2. Detailed revision plan for the preprint:

• We have implemented the reviewers' suggestions and substantially shortened the manuscript, primarily by trimming the (phospho)lipid-binding section, which contains a large amount of negative data. The following main figures have been moved into the supplemental section:
  • OV Fig. 2 ("TbMORN1 interacts with phospholipids but not liposomes") has become NV Fig. S2
  • OV Fig. 4 ("TbMORN1(2-15) does not bind to liposomes in vitro") has become NV Fig. S6
  • OV Fig. 8 ("Conservation and properties of residues in TbMORN1(7- 15)") has become NV Fig. S11
• This has left a total of 7 main figures and 13 supplementals.
• The text associated with the entirety of the lipid-binding part (OV lines 210- 530, OV Figs. 2-6 [NV Figs. 2-4, S2, S6], OV Supplemental Figs. 2-6 [NV Supplemental Figs. S3-S5, S7, S8]) has been condensed. The focus of this section is now on the positive parts of the data: the PE association (OV Fig. 3 [NV Fig. 2]) and the in vivo work (OV Figs. 5, 6 [NV Figs. 3, 4]).
• We have additionally limited the amount of inference and speculation in the manuscript.

3. Point-by-point responses to the reviewers

Reviewer #1 (Evidence, reproducibility and clarity):

MORN (membrane occupation and recognition nexus) repeat proteins are found in prokaryotes and eukaryotes. They feature characteristic repeats in their primary sequence, have been assumed to play a role in lipid binding, but remain poorly characterized on the functional and structural level. This manuscript tries to address both these questions and is organized in major parts. In the first part the authors characterize a putative role of MORN repeat proteins in lipid binding and membrane association. In the second part, the authors use X-ray crystallography to establish the structure of MORN repeat proteins and to investigate the dimerization.

As a cleverly chosen point of departure, they focus their study particularly on MORN1 from Trypanosoma brucei (TbMORN1), which is composed solely on MORN repeats. The structures of MORN repeats (from several species) in part two provide interesting insights into their mode of homotypic interactions and their role as dimerization or oligomerization devices. The lipid binding and membrane association of MORN proteins in the first part remains somewhat confusing and unclear, despite the use of a whole battery of techniques.

We anticipate that the shortening and refocusing of the lipid binding data has addressed this issue.

It is questionably, why the authors invest so many figures and words to inform the reader on negative results.

We have chosen to publicise our negative data in full because, as noted in the manuscript, there is a widespread and erroneous assumption that MORN repeats are lipid binding modules. We feel that publishing these data will allow them to act as a caveat to other researchers working on MORN repeat proteins. We have, however, addressed the reviewer's request in that we have considerably shortened the text associated with these data and have moved the corresponding figures into the supplementals.

The authors suggest that MORN proteins can bind to lipids via their hydrophobic acyl chainswhich is 'very hard to imagine under physiological conditions unless TbMORN1 is a lipid carrier and not a membrane-binding proteins. Unfortunately, a role as lipid carrier has not been rigorously tested.
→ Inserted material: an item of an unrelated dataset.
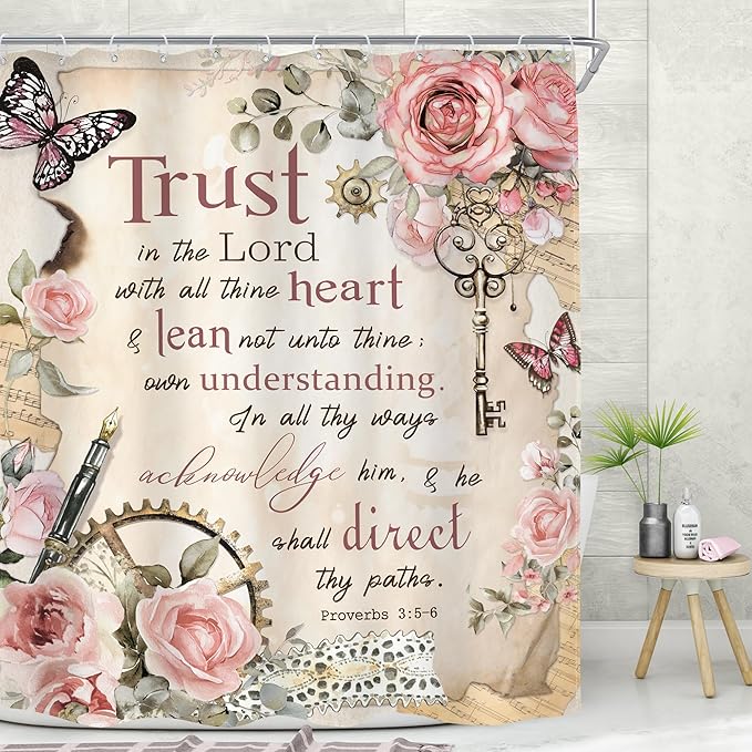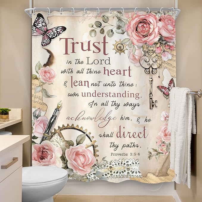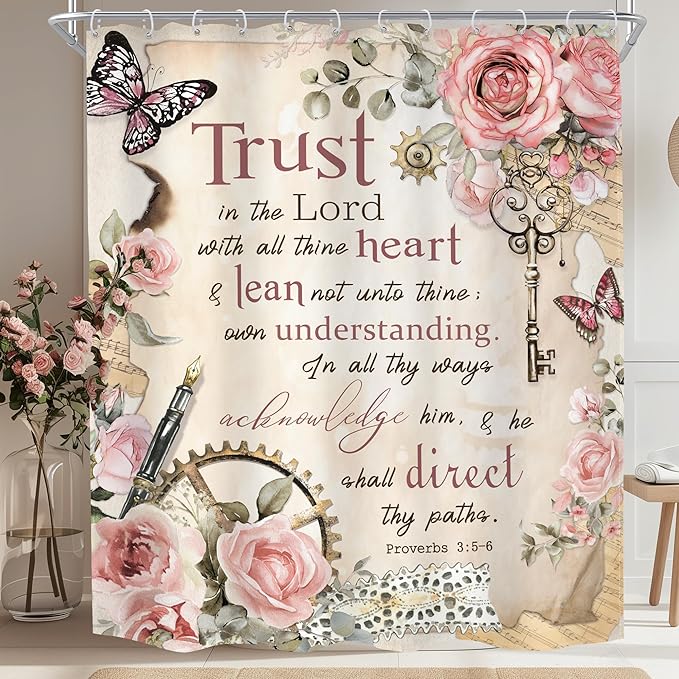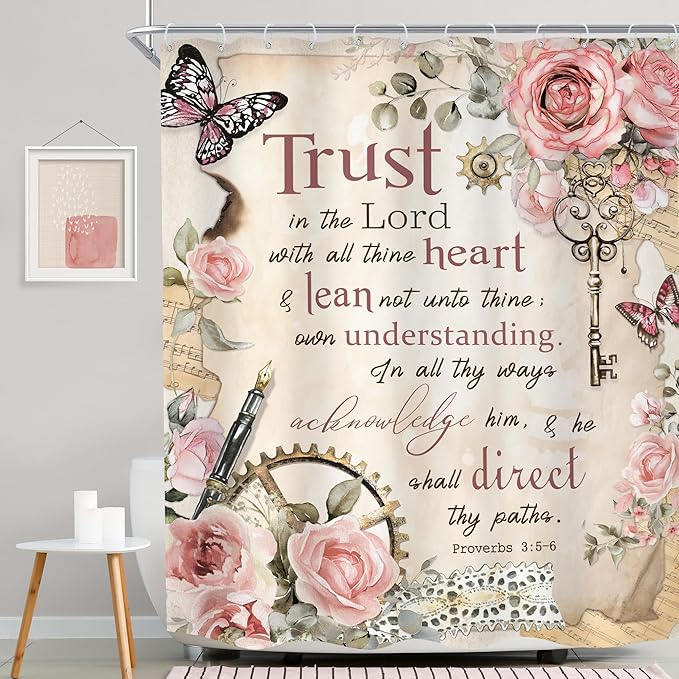 MESHELLY Vintage Pink Christian Shower Curtain 60Wx72H Retro Floral Bible Verse Bathroom Curtain Scripture Bath Curtain Fabric Rustic Flower Butterfly Quotes Bathroom Accessories Decor with 12 Hooks

The reviewer is correct that we have not specifically tested for a function as a lipid carrier protein and although this was only speculation, it has been toned down accordingly.

In this sense the first part remains somewhat immature and incoherent. Furthermore, they suggest based on the lack-of-evidence that MORN proteins do not bind membranes in vivo and in vitro.

We are not clear where this suggestion was made. Our data indicate that TbMORN1 does not directly bind membranes in vivo or in vitro, and we therefore noted that putative lipid binding by other MORN repeat proteins should be viewed with caution. Specifically, we stated in the Discussion (OV lines 955-956) that "the presence of MORN repeats in a protein should not be taken as indicative of lipid binding or lipid membrane binding without experimental evidence". Again, our expectation is that the major changes planned for the data presentation in this section will make it more coherent.

The main issue of this manuscript is, in my view, the way the data were presented.The manuscript is generally well-written, but much too long. The structural work is important and concise.

We have considerably shortened the manuscript as per the reviewer's request, and especially the section on lipid binding.

The first part, however, reports in five separate figures on a lack of membrane binding by a MORN protein and its ability to bind individual lipids. The physiologically relevance of this lipid binding is questionable as acknowledged by the authors.

We have moved two of these figures (OV Figs. 2, 4) into the supplementals section [NV Figs. S2, S6], shortened the associated text, and limited the amount of speculation.

Even though I find it important that the membrane/lipid binding ability of MORN proteins is rigorously tested, I would highly recommend to separate the current manuscript in two independent stories. Alternatively, I would recommend to reduce the first part into a single figure and to remove the most artifactual assays.

We have implemented the second of these two suggestions for the manuscript. We had already considered splitting the manuscript during the drafting stage, but rejected this possibility as the data were too intertwined. Consequently, we have opted to considerably reduce the first part, and moved OV Figs. 2 and 4 into the supplementals [NV Figs. S2, S6]. We would prefer not to remove data altogether as they are likely to have community value even if they are negative and as noted, they are of good quality.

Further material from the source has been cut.